The decode stage has poor scalability and should be reduced to minimum parallelism before scaling up on demand.

Highlights & Insights¶

The two-level disaggregation-plus-elasticity design is elegant: the modality level isolates text and multimodal requests, while the stage level separates encoding/prefill/decode, with dynamic resource adjustment at each level.
The gain-cost model provides a quantitative framework for preemption decisions, avoiding heuristic rules.
The unified prefix cache integrates text and multimodal caching, achieving efficient matching via hashing and prefix trees.
Non-blocking encoding, though conceptually straightforward, yields significant practical gains (encoding latency typically exceeds prefill latency by 5×).

Limitations & Future Work¶

Validation is currently limited to a single node (8 GPUs); communication latency and parallelism strategy search space in multi-node distributed settings remain open problems.
The gain-cost model for elastic scaling relies on offline profiling to determine thresholds, requiring re-calibration for different hardware/models.
Performance on very large models (e.g., 72B) has not been evaluated.
The penalty factor $w$ in reactive scaling requires manual tuning.
No direct comparison with recent multimodal inference systems such as ModServe.

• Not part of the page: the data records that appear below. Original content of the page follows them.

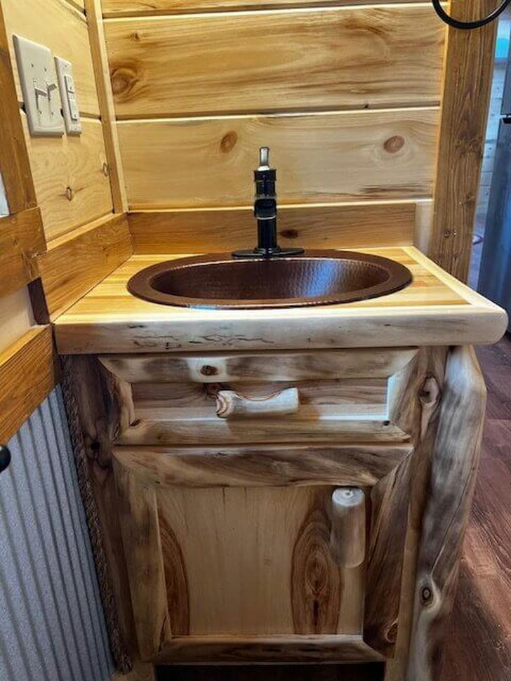 The bathroom's design maintains a consistent theme with the rest of the cabin. The cabinet's rustic handles, crafted from raw wood, stand out as a unique highlight, adding a touch of authenticity and craftsmanship to the space.
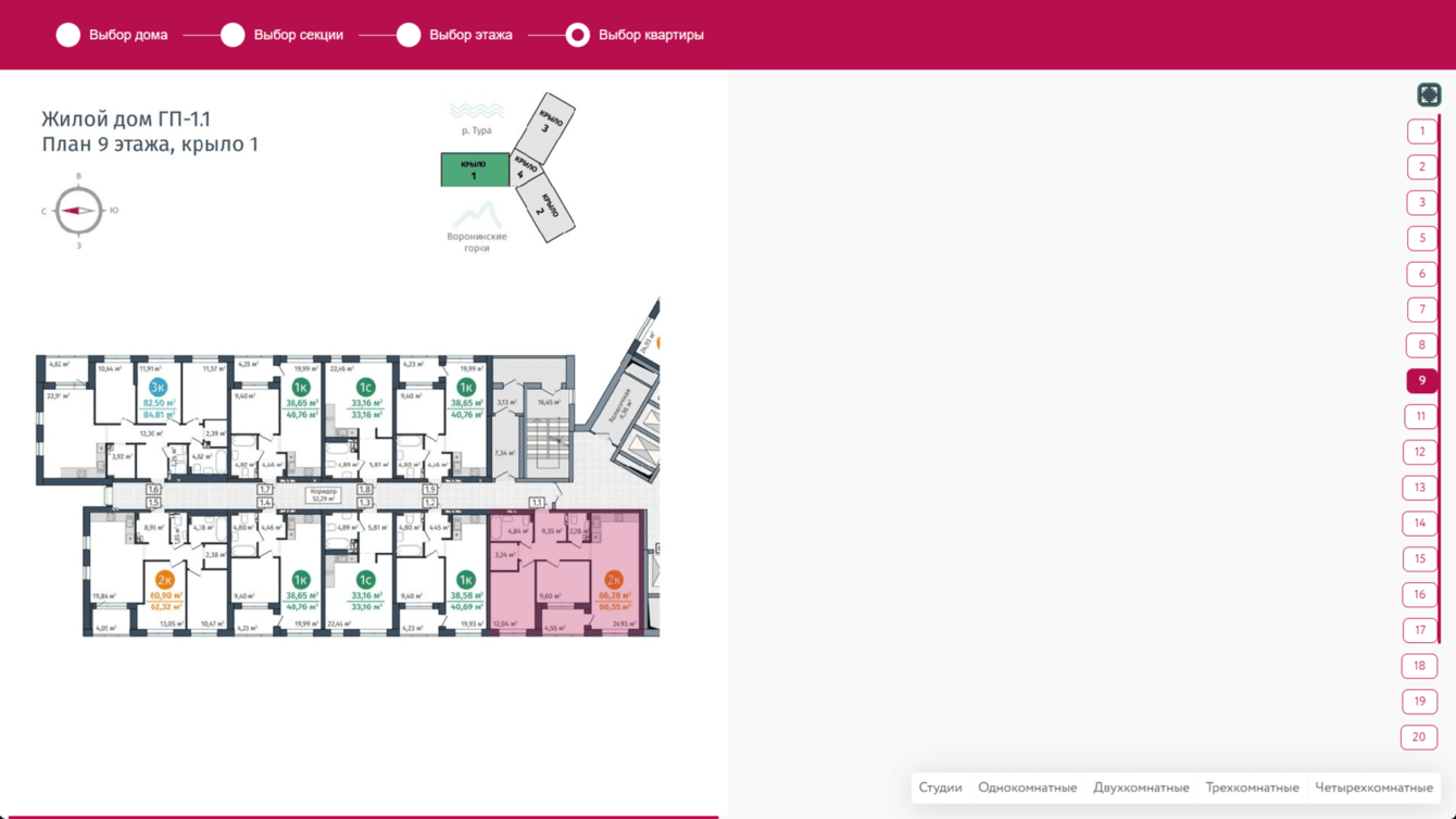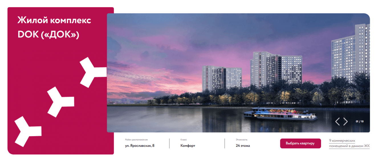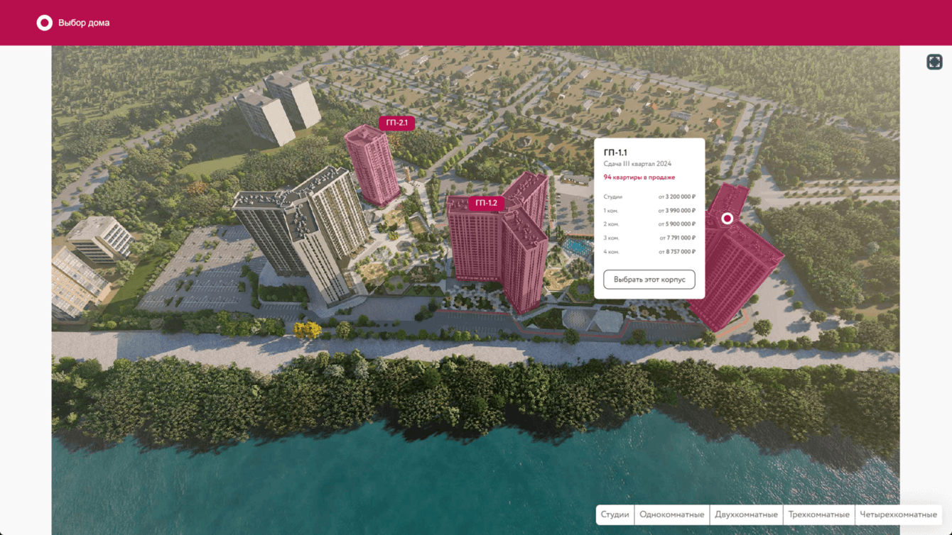 С его помощью клиент может выбрать квартиру сразу в том комплексе, который ему понравился. Покупатель видит, как расположены дома относительно инфраструктуры, может виртуально пройтись, выбрать интересующий дом, секцию, этаж, посмотреть все квартиры в наличии. Каждый элемент в подборщике кликабельный, что вовлекает пользователей в процесс выбора квартиры.
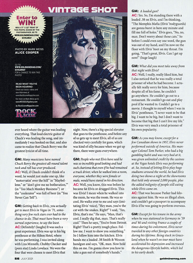 GM: Getting back to Elvis, you actually got to meet Elvis in Vegas in '71, something very few rock stars ever had to the chance to do. That must have been a very surreal experience, to say the least.

DistServe/Splitwise propose prefill-decode disaggregation but use static allocation; ElasticMM extends this with elastic scheduling.
LoongServe introduces elastic sequence parallelism; ElasticMM extends the elasticity concept to the multimodal dimension.
Operator-level optimizations such as FlashAttention/Flash-Decoding are orthogonal to ElasticMM and can be combined.
The two-tier architecture of modality-group isolation and stage separation offers a valuable reference for future MLLM serving system design.

Rating¶

Novelty: ⭐⭐⭐⭐ — The two-level elastic paradigm represents a systematic architectural innovation for MLLM inference.
Technical Depth: ⭐⭐⭐⭐ — The gain-cost model and elastic scheduling algorithm design are rigorous.
Experimental Thoroughness: ⭐⭐⭐⭐ — Multiple models, datasets, and ablations, though limited to a single node.
Practical Value: ⭐⭐⭐⭐⭐ — A 4.2× TTFT reduction is highly significant for online serving.